Look great mate,welldone!


----------



## Deano! (Aug 6, 2004)

good build mate, arms are real thick

think ill take some pics too, finished my tribal sleeve/chest/back and forearm jap style tattoo is almost done, shading koi fish tomorrow and lotus flower n waves are almost there.... then dragon to finish it around my bicep  my arms only 17" though so not as impressive  lol


----------



## Miike (Jun 11, 2009)

Looking great mate, nice one


----------



## ste2103 (Aug 13, 2009)

gold95 said:


> looking good, :thumb: as others have said your looking MUCH bigger than in your avatar. get your mrs & do the same picture as old 1, now you look like you do you don't want people to see you smaller than you are.... keep it up 20" arms aint too fart away. :rockon:
> 
> is it just me or do ALL bodybuilders look hard as f#ck when they don't smile? the smiling always takes away from the look.


thanks mate

my next pics will be full of smiles  

just wont get the same effect :thumb:


----------



## ste2103 (Aug 13, 2009)

Deano! said:


> good build mate, arms are real thick
> 
> think ill take some pics too, finished my tribal sleeve/chest/back and forearm jap style tattoo is almost done, shading koi fish tomorrow and lotus flower n waves are almost there.... then dragon to finish it around my bicep  my arms only 17" though so not as impressive  lol


get posting mate cant wait to see, fooking love tattoos

thanks bud :thumbup1:


----------



## ste2103 (Aug 13, 2009)

Miike said:


> Looking great mate, nice one


thanks mate,

is that you in your avi.... thats an amazin tatt :thumb:


----------



## Dantreadz85 (Jun 4, 2009)

nice ink dude . ill post some pics up of my sleeve when its finished hopefully by the next sitting already done 7 hours on it .

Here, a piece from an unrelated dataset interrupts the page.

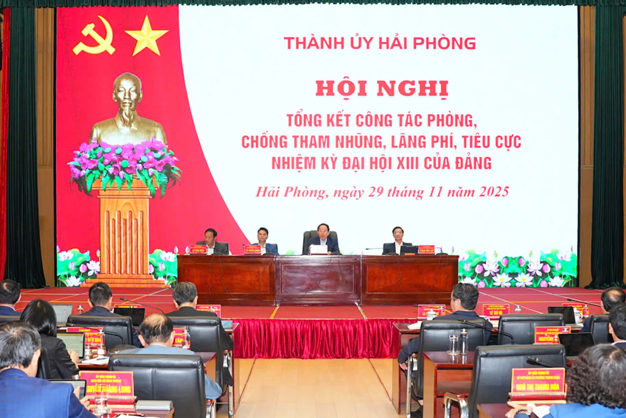 (Haiphong.gov.vn) - Sáng 29/11, đồng chí Lê Tiến Châu, Ủy viên Trung ương Đảng, Bí thư Thành ủy, Trưởng Đoàn ĐBQH Hải Phòng chủ trì Hội nghị tổng kết công tác phòng, chống tham nhũng, lãng phí, tiêu cực nhiệm kỳ Đại hội XIII của Đảng.

plus i got some proper nasty tats as well but dont think ill be showing them lol

u had any on the ribz?


----------



## ste2103 (Aug 13, 2009)

Dantreadz85 said:


> nice ink dude . ill post some pics up of my sleeve when its finished hopefully by the next sitting already done 7 hours on it .
> 
> plus i got some proper nasty tats as well but dont think ill be showing them lol
> 
> u had any on the ribz?


thanks mate

posts them mate good and bad, got a big one on my leg and back of head and neck but want loads more. none on ribz. have you? :thumbup1:


----------



## celtic72 (Sep 1, 2009)

your avi was fine enough but by the looks of it your wantin big big .good stuff.


----------



## Dantreadz85 (Jun 4, 2009)

ste2103 said:


> thanks mate
> 
> posts them mate good and bad, got a big one on my leg and back of head and neck but want loads more. none on ribz. have you? :thumbup1:


back of head lol , thug ha ha . yeah i got a big tribal dragon up the left side of my chest an ribz , ouuuuccchhh lol . i have honestly sat there for 5 hour sittings but that one i could only do in half hour gos , proper hurt . bit a chunk of my arm nearly off lol .

ill put some pics tommoro .


----------



## LeeA (Oct 23, 2009)

You're a big f*cker I'll give you that!!! Nice one!!!

Lets see some pics of when you started 7 years ago then! lol


----------



## ste2103 (Aug 13, 2009)

LeeA said:


> You're a big f*cker I'll give you that!!! Nice one!!!
> 
> Lets see some pics of when you started 7 years ago then! lol


thanks mate

ok ill sort some out.. this is going to be funny pmsl. :thumb:


----------



## ste2103 (Aug 13, 2009)

celtic72 said:


> your avi was fine enough but by the looks of it your wantin big big .good stuff.


bigger is always better! :rockon:


----------



## D_MMA (Aug 21, 2008)

Lookin good grant, i mean ste haha

Look like a unit mate you look alot bigger than 16stone! keep it up


----------



## ste2103 (Aug 13, 2009)

DaveI said:


> Lookin good grant, i mean ste haha
> 
> Look like a unit mate you look alot bigger than 16stone! keep it up


thanks mate :thumbup1:

but im really not getting the grant thing!

but like i said before i do get that a lot


----------



## Miike (Jun 11, 2009)

ste2103 said:


> thanks mate,
> 
> is that you in your avi.... thats an amazin tatt :thumb:


Yeah that's me mate. Thanks a lot 

Still more to go though. It's fu(king addictive!


----------



## ste2103 (Aug 13, 2009)

ive dug out a few old pics of before i started training i cant believe its me!!

so will be posting them soon as i can get them on the computer :thumb:


----------



## big_jim_87 (Jul 9, 2009)

look bigger then in av buddy


----------



## LunaticSamurai (May 19, 2009)

Looking good mate, good work.


----------



## Barker (Oct 1, 2009)

Look hard as fucck man!

Keep it up


----------



## ste2103 (Aug 13, 2009)

thanks guys!! :thumb:


----------



## ste2103 (Aug 13, 2009)

Barker said:


> Look hard as fucck man!
> 
> Keep it up


i havent posted them pics yet pmsl


----------